With the rapid accumulation of multimodal medical image data sets, it has become an urgent need for clinical and scientific research to develop a model that can carry out sequence conversion across multimodal data. However, the existing multimodal image transformation methods usually rely on task specific architecture or discrete domain labels, which have obvious limitations in scalability and generalization.
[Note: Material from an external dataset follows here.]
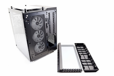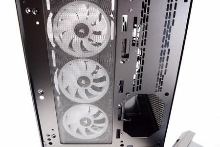The top tempered glass panel is held in place with thumbscrews and beneath it there's room either for two 120mm/140mm fans or a single 240/280mm radiator.

On August 11, 2025, Tan Tao team of the Macao Polytechnic University and ritse Mann team of the medical center of the University of nemegen in the Netherlands published a research paper entitled "all in one medical image to image translation" in cell reports methods, a journal of cell press. This study proposes an eva-i2i framework driven by contrast language image pre training (dclip) with DICOM semantic tags, which can realize image conversion between different modes in a single model, and has the potential of zero sample domain adaptation, and can be directly deployed to clinical tasks without fine-tuning.

The research team noted that the traditional multimodal image conversion method usually takes different imaging modes or sequences as independent domains and distinguishes them by independent thermal coding. When this method is extended to new domains, the coding length will increase continuously, and the fine-grained semantic differences between different domains cannot be captured. To this end, the research team proposed the eva-i2i (every domain all at once image to image) framework, which converts the information of organs, modes, sequences, etc. of each scanned image into natural language prompts to define the image domain. This hint driven representation can not only flexibly distinguish fine-grained semantic differences, but also easily extend to unknown domains.
Based on 7 public data sets and a total of 27950 3D scans (covering brain, breast, abdomen, pelvic cavity and other parts), the research team jointly trained all known modes at one time. The image generated by the model is superior to the existing baseline method in quality, and also performs well in image conversion of external data sets. More importantly, the model also shows the potential of zero sample domain adaptation on external data, which can transform unknown domains into known domains, and expand its potential application range. In addition, in downstream tasks such as cross modal registration, classification and segmentation, the model does not need to be fine tuned in the target domain, and can achieve the same or even better performance on the external dataset as the fine tuning method. This provides a plug and play solution for the common problem of cross modal domain adaptation in clinic.

The eva-i2i model proposed by the research team provides an extensible new paradigm for constructing a universal and multimodal medical image conversion model. Through DICOM semantic prompt coding, the model not only overcomes the inherent limitations of the single hot coding, but also provides a potential solution for image data standardization and analysis across centers and imaging protocols. This research result is expected to be applied in clinical practice, and help doctors achieve efficient image domain adaptation between different imaging protocols and devices, so as to improve diagnostic consistency and cross agency collaboration efficiency.